En una de las notas que trae el libro “Viviendo con alegría”, donde Sara Shaw de Critto recoge notas y testimonios acerca de la vida de Enrique Shaw, se menciona una nota
personal del beato: “Jamás podemos decir que un hombre es malo sin peligro de mentir.
Lo que podemos decir, en caso que sea necesario, es que hizo tal acto malo…”. Las implicancias en el mundo de la gestión de este pensamiento son muy profundas.
En un entorno donde los juicios sobre las personas suelen emitirse con ligereza: “este empleado es malo”; “ese jefe no sirve” …, se nos propone suspender el juicio esencial y asumir una responsabilidad activa. Porque nadie es simplemente malo. Y si lo afirmamos sin matices, corremos el riesgo de mentir.
Claramente no quiere decir que no existen personas con actitudes negativas, con incompetencias o irresponsables. Pero etiquetar esencialmente a alguien como “malo”
(o incluso bueno) nos exime falsamente de intervenir en su proceso.
Aristóteles insistía en que somos lo que hacemos todos los días. Por esa razón la excelencia no consiste en un acto ni en un estado sino en los hábitos. Nadie nace virtuoso o vicioso. Todos estamos en un proceso. De ahí que juzgar a alguien por una acción es, además de contrario a un mandato evangélico expreso, injusto y, sobre todo, estéril.
En el mundo de la gestión esto se vuelve particularmente urgente. ¿Cuántas veces una persona no rinde en un área, florece al ser trasladada en otra? ¿Cuántas veces alguien con bajo compromiso cambia radicalmente cuando se siente valorado? ¿Y cuántas veces un mal desempeño es simplemente el reflejo de un mal liderazgo, de un entorno tóxico o de un equipo que no potencia, sino que aplasta?
Esto no implica negar la libertad individual. A veces una persona elige no esforzarse, no comprometerse o no crecer. Pero incluso en ese caso, el deber del dirigente no es
declarar que es “malo”, sino actuar: motivar, acompañar, reubicar, corregir o incluso despedir.

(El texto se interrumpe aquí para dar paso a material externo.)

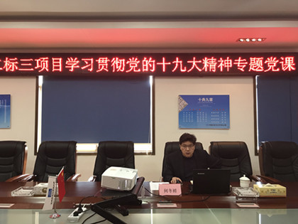 何冬初以“新思想·新时代·新征程”为主题,结合自身学习党的十九大精神的认识和体会,从十九大的重大意义、十九大报告总体框架及主要精神、落实十九大精神的基本要求三大方面为项目员工进行宣讲。

Despedir a tiempo es también un acto de justicia y de respeto hacia el desarrollo personal y profesional de una persona. Al jefe no le toca ser “bueno” o “malo” sino solamente justo en relación con lo que la empresa, como comunidad de personas, necesita en un momento determinado. Sostener a alguien en un lugar donde no puede desarrollarse daña a la empresa, al equipo e incluso a ella misma. Y, sostener mientras le ponemos etiquetas y juicios morales, es el peor de los escenarios.
El punto de partida debe ser siempre el mismo: ver a la persona como alguien en camino, no como una esencia fija. El empresario, como líder, no está para juzgar almas, sino para generar contextos de desarrollo. Esto implica observar, discernir, intervenir, cuidar, corregir. Y cuando sea necesario, tomar decisiones difíciles con la conciencia en paz.
Este es el sentido también que le da a la empresa la Doctrina Social de la Iglesia al decirnos que la empresa es una comunidad de personas y que su desarrollo no consiste sólo en el crecimiento económico, sino que debe ser integral, es decir, promover a todos los hombres y a todo el hombre. Toda persona se encuentra en desarrollo y la empresa debe ser un ámbito especialmente propicio a tal fin.
No puede haber verdadera comunidad en la medida que se parta de etiquetas que definan a las personas. Y tampoco lo habrá en la medida que no se corrija lo que daña o interrumpe el proceso colectivo. Quitar el ego y los personalismos del camino puede ser de gran ayuda a este respecto.
Así podremos entender que el juicio sobre las personas es siempre delicado. Entre otras cosas porque lo que decimos a otro puede condenarlo a permanecer donde está, o abrirle una puerta a lo que aún puede llegar a ser.
La ética del liderazgo consiste en no juzgar personas mientras nos hacemos cargo de las conductas, tanto propias como ajenas, con relación a un fin común. No todos encajarán. No todos crecerán. Pero todos merecen ser tratados con la dignidad de quien se encuentra, al igual que quien dirige, en un proceso. Nadie es simplemente malo ni simplemente bueno. Y decirlo, como advirtió Enrique es, en el fondo, dejar de decir la verdad.